Exercise objective
Look through the listing below for the line with "La table haute" and the line with "Operarios de Adif". Copy both, along with every line between them, exactly and with no pictures.

Material for this task
***

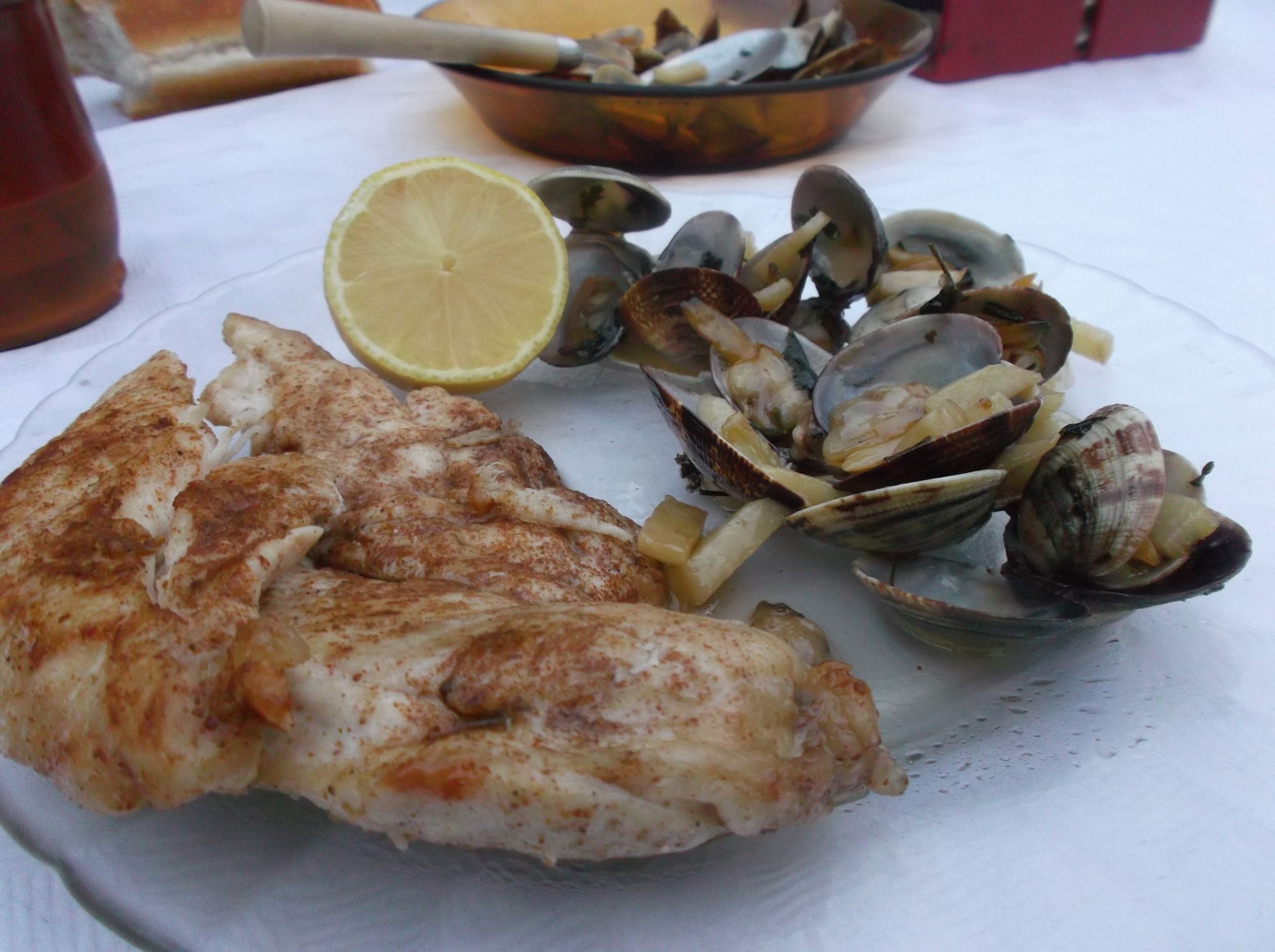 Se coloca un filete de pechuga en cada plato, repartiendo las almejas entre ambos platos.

***

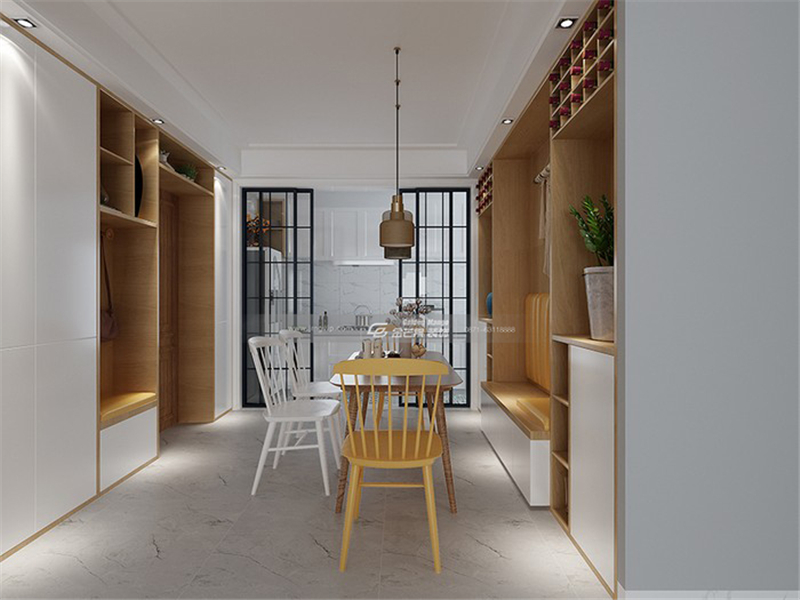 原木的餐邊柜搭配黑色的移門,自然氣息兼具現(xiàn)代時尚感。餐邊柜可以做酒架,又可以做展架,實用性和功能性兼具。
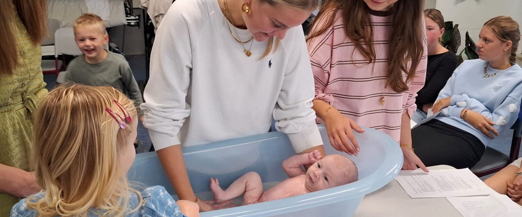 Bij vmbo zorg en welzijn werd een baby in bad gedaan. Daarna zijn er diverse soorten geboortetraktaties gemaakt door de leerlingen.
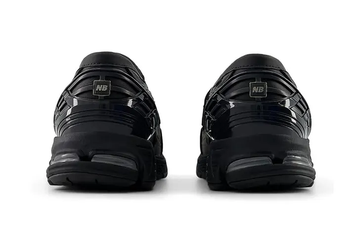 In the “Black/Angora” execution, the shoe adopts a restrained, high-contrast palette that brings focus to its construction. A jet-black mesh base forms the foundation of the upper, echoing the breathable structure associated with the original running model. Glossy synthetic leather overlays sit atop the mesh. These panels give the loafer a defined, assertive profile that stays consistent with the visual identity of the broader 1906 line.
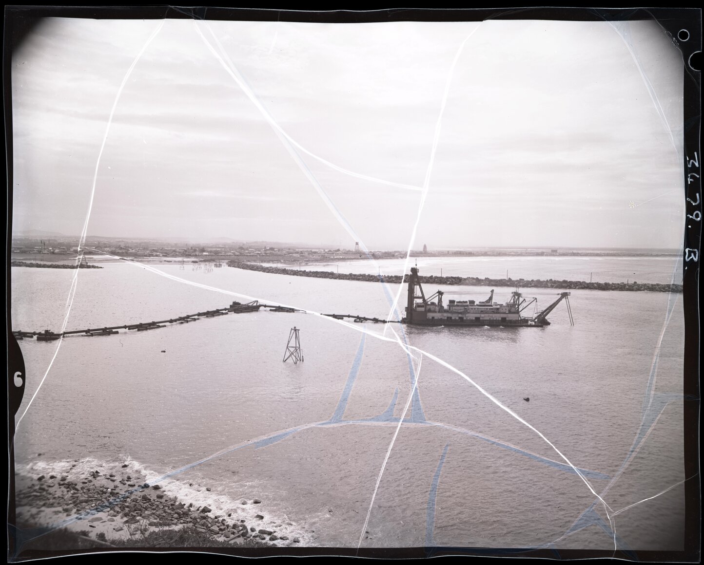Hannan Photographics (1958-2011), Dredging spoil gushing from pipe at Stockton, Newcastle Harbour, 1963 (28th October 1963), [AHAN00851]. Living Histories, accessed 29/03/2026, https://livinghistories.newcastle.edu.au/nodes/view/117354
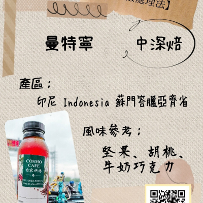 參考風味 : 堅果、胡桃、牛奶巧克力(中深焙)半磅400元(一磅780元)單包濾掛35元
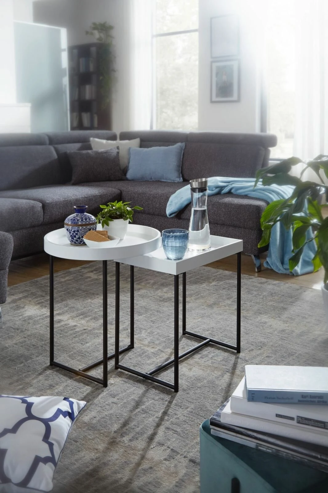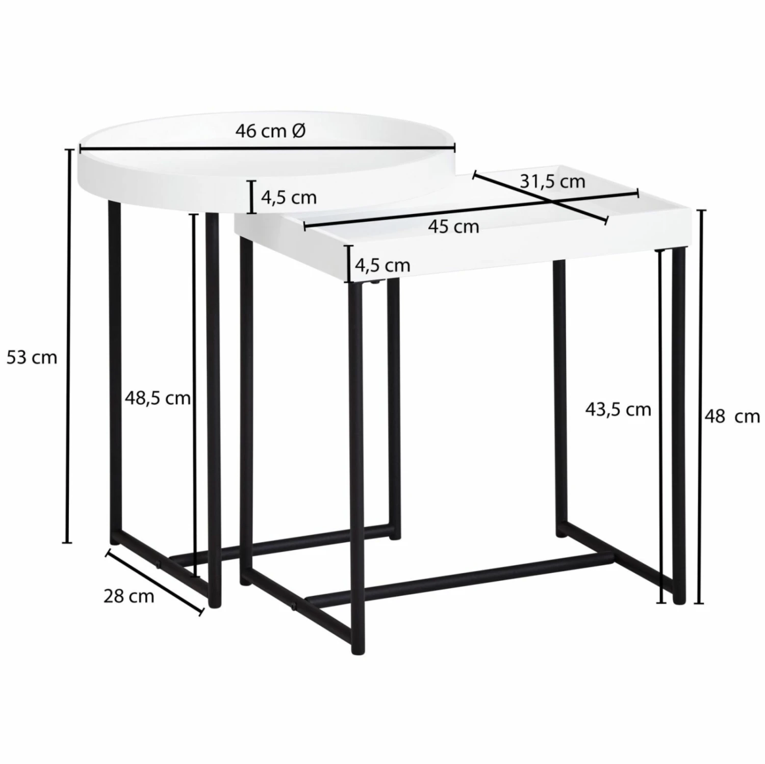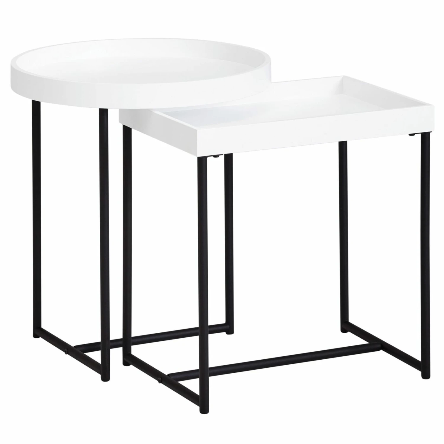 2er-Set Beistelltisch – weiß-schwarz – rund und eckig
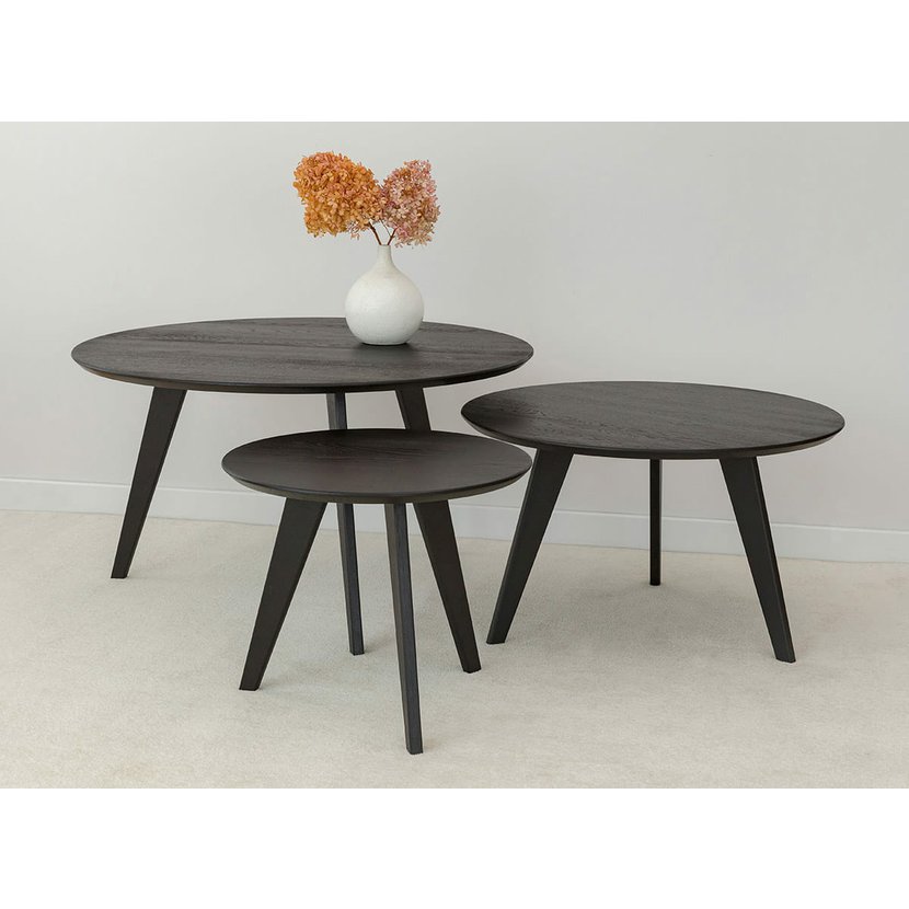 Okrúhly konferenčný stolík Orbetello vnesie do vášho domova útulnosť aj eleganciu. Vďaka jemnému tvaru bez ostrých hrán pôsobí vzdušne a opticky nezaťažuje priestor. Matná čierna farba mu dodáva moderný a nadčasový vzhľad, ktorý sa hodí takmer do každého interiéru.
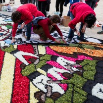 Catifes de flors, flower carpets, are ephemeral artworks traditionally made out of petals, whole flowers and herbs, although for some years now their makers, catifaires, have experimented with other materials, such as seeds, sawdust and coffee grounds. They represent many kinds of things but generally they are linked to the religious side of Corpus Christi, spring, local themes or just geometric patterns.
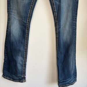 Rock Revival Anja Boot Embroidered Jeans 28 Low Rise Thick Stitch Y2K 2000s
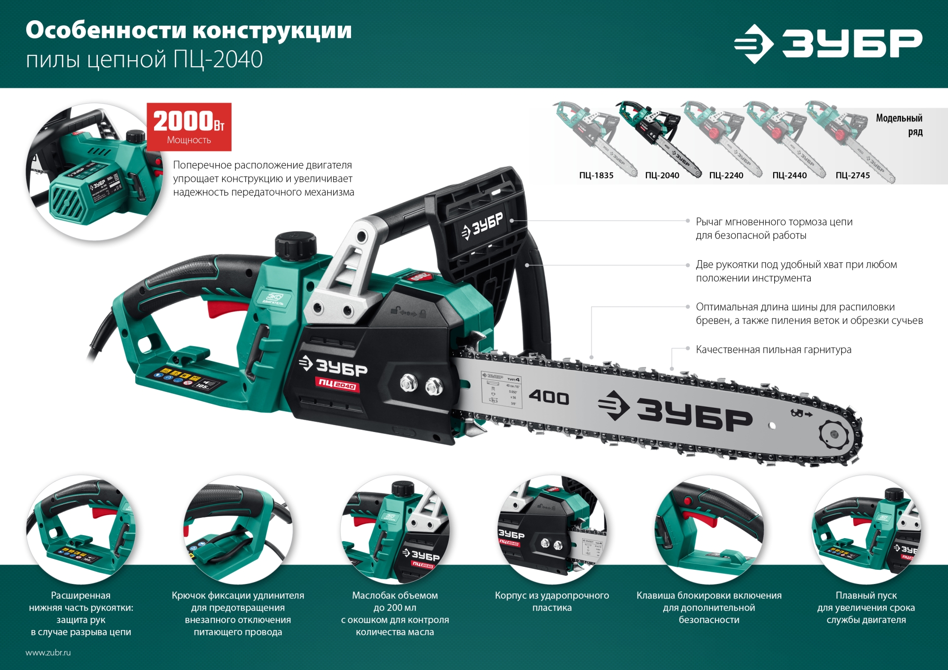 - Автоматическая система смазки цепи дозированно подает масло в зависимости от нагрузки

***

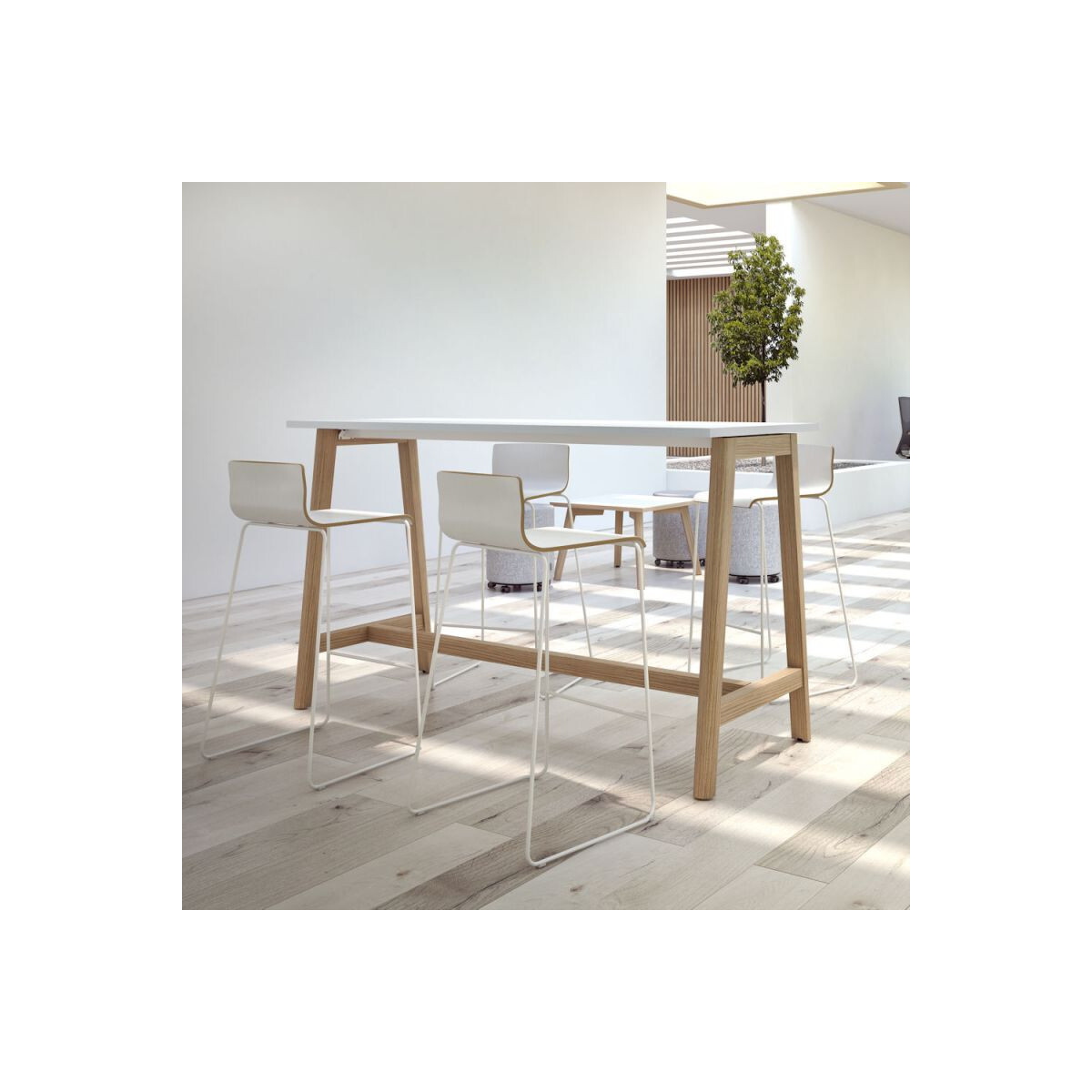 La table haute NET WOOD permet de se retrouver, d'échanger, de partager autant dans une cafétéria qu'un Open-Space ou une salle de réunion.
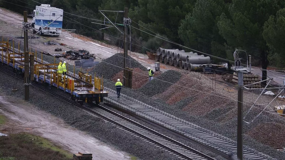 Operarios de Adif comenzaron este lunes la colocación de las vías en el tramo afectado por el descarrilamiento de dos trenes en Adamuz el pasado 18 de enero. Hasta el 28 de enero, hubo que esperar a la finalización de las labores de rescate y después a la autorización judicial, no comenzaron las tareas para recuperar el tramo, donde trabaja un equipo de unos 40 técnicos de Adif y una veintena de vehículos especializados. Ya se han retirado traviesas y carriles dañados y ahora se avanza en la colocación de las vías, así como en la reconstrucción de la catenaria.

***

Response to this exercise
 La table haute NET WOOD permet de se retrouver, d'échanger, de partager autant dans une cafétéria qu'un Open-Space ou une salle de réunion.
 Operarios de Adif comenzaron este lunes la colocación de las vías en el tramo afectado por el descarrilamiento de dos trenes en Adamuz el pasado 18 de enero. Hasta el 28 de enero, hubo que esperar a la finalización de las labores de rescate y después a la autorización judicial, no comenzaron las tareas para recuperar el tramo, donde trabaja un equipo de unos 40 técnicos de Adif y una veintena de vehículos especializados. Ya se han retirado traviesas y carriles dañados y ahora se avanza en la colocación de las vías, así como en la reconstrucción de la catenaria.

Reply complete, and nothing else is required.